The surface roughness of three steps is shown in Table 1. After the third step, the roughness of the niobium tube is 6.3 μm, and the inner hole surface is extremely unsmooth. The roughness is much higher than that in the second step (3.2 μm). The surface roughness is mainly affected by the cutting edge angle, assistant deflection angle, feed rate, and material properties. The influence of the cutting edge angle, assistant deflection angle, and feed rate on surface roughness can be expressed by equation (1). Axial height (R_max) of the residual area also has a direct impact on the surface roughness. Increasing the cutting edge angle while keeping the feed rate constant or increasing the feed rate with constant cutting edge angle causes increase in the axial height, which results in an increase in the surface roughness. The experimental results in Table 3 are consistent with equation (1)
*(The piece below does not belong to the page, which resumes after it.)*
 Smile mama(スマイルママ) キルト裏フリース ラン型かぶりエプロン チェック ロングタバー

R_{\max} = \frac{f}{\cot κ_{r} + \cot κ_{r}^{'}}

(1)

Table 3.

Surface roughness of the scheme 1.

Steps	Step I	Step II	Step III
Roughness	6.3	3.2	6.3

In addition, the surface roughness is affected by the plasticity of the niobium. In the third step, the minor cutting edge of the cutting tool and the niobium tube are in contact with each other. Due to the high plasticity of the niobium, the adhesion wear was formed on the minor cutting edge of the tool and scratched the inner wall surface which had been machined. In the second step, the back cutting depth is larger than in the other steps; this makes the feed rate and the rotation speed to decrease, and the self-excited vibration generated in the system is reduced, thereby the mutual contact between the minor cutting edge of the tool and the niobium tube is reduced effectively, so the inner hole quality is ensured. This result shows that the quality of the machined inner hole surface is not only affected by the back cutting depth but also related to the grinding effect of the minor cutting edge of the tool.

Scheme 2

In scheme 2, there are also three steps included. Each step is similar to the steps explained in scheme 1, and more studies are conducted to improve parameters to achieve better hole surface quality.
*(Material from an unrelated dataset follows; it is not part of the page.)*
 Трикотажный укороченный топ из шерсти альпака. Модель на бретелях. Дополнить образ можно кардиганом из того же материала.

By comparing the results of different steps from scheme 1, it is indicated that the back cutting depth cannot exceed 5 mm to reduce the grinding effect caused by the minor cutting edge of the cutting tool. Rotation speed and feed rate were set at 80 r/min and 0.06 mm/r, respectively.

The geometric parameters of the cutting tool and process parameters are shown in Table 4. To protect the cutting tool and inner hole surface quality, the boring tool was changed at different positions during the three steps. The changed positions were at the tube length of 1500, 1200, and 1000 mm in the first, second, and third steps, respectively. Because the chip morphology and hole-axis deflection are similar to those of the scheme 1, only the tool wear and inner hole surface quality are analysed in this section.

Table 4.

Geometric parameters and process parameters of scheme 2.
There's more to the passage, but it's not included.